(AVAILABLE DATA Opens)
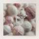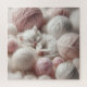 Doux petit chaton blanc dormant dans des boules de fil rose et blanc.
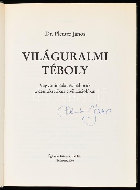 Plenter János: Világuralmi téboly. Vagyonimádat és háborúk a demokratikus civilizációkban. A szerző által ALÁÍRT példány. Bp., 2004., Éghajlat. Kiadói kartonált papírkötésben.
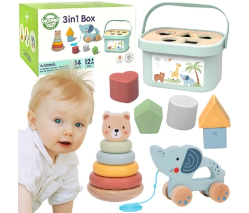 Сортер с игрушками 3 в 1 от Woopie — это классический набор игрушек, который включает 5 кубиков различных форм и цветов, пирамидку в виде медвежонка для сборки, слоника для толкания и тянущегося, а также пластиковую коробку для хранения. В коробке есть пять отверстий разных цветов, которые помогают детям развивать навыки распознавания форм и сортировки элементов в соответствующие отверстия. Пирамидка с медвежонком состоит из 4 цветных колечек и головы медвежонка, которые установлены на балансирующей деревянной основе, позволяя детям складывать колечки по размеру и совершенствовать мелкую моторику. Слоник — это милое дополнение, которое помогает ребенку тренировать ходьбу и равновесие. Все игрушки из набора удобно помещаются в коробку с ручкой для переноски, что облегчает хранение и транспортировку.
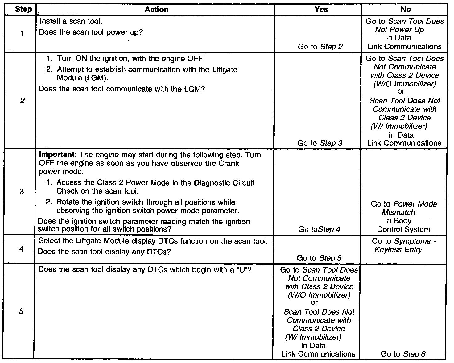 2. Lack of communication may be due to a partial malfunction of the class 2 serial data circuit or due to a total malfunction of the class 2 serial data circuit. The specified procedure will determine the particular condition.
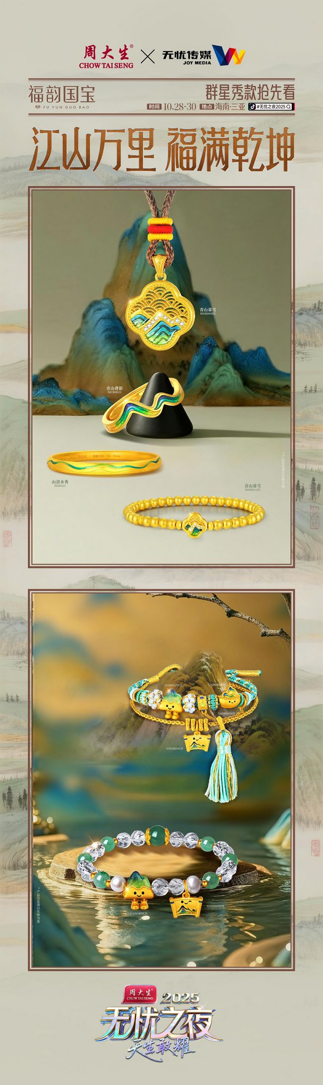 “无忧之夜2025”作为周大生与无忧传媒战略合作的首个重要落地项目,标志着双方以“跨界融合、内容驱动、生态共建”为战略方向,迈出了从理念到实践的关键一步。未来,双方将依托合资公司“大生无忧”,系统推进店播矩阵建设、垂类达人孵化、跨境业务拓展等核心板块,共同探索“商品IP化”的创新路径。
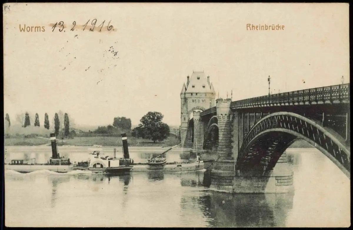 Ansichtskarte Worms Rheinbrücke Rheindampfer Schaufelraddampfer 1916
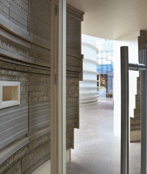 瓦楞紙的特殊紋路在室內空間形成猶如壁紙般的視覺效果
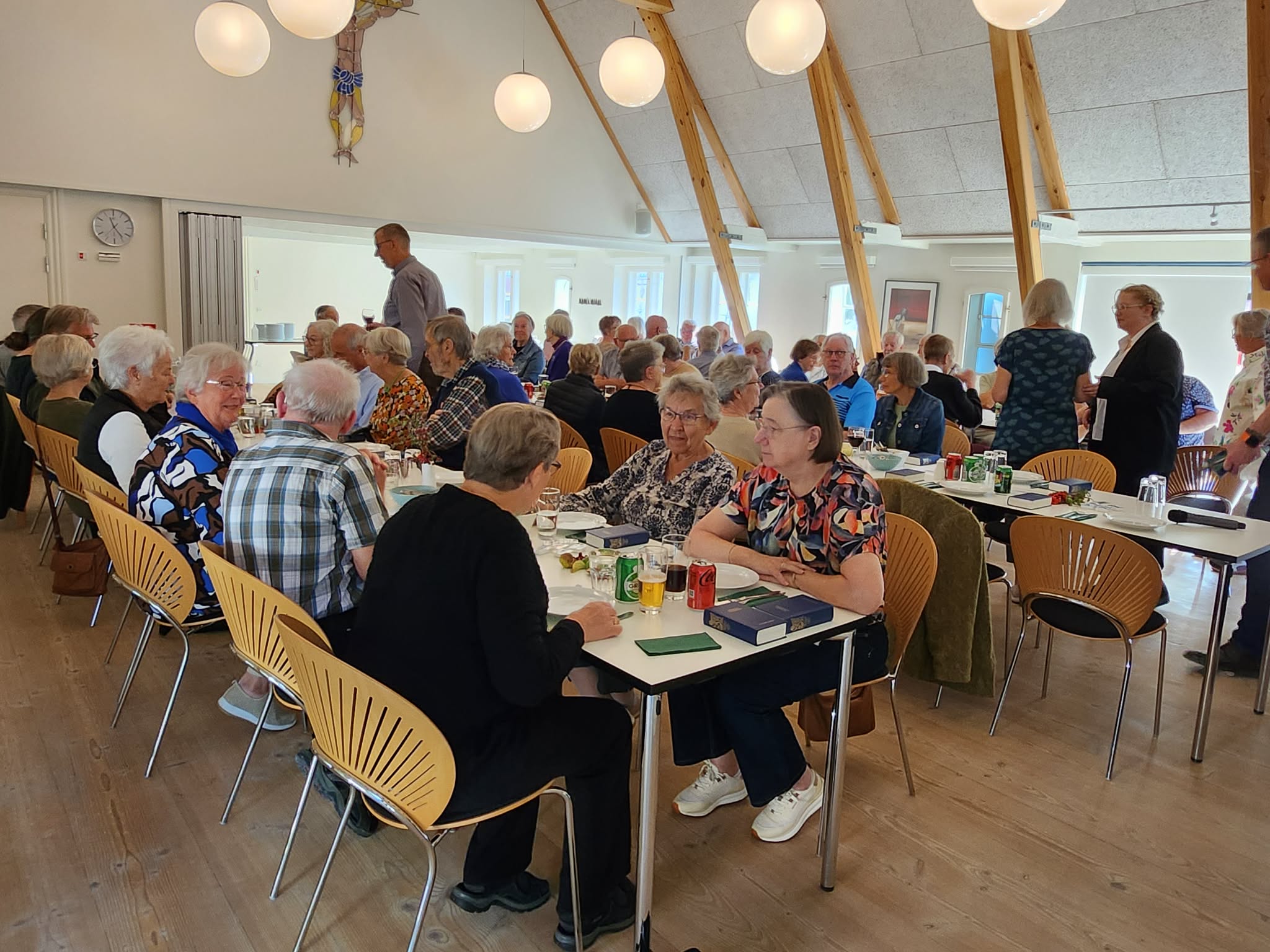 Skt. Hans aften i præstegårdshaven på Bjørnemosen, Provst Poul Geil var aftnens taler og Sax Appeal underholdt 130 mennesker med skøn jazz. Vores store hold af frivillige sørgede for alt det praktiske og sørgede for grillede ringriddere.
(AVAILABLE DATA Closes)
TASK BRIEF.
Your reply is to be an exact repeat of the listing above from the line holding "Сортер с игрушками" down to the line holding "2. Lack of communication", ends included, pictures excluded.

ANSWER.
 Сортер с игрушками 3 в 1 от Woopie — это классический набор игрушек, который включает 5 кубиков различных форм и цветов, пирамидку в виде медвежонка для сборки, слоника для толкания и тянущегося, а также пластиковую коробку для хранения. В коробке есть пять отверстий разных цветов, которые помогают детям развивать навыки распознавания форм и сортировки элементов в соответствующие отверстия. Пирамидка с медвежонком состоит из 4 цветных колечек и головы медвежонка, которые установлены на балансирующей деревянной основе, позволяя детям складывать колечки по размеру и совершенствовать мелкую моторику. Слоник — это милое дополнение, которое помогает ребенку тренировать ходьбу и равновесие. Все игрушки из набора удобно помещаются в коробку с ручкой для переноски, что облегчает хранение и транспортировку.
 2. Lack of communication may be due to a partial malfunction of the class 2 serial data circuit or due to a total malfunction of the class 2 serial data circuit. The specified procedure will determine the particular condition.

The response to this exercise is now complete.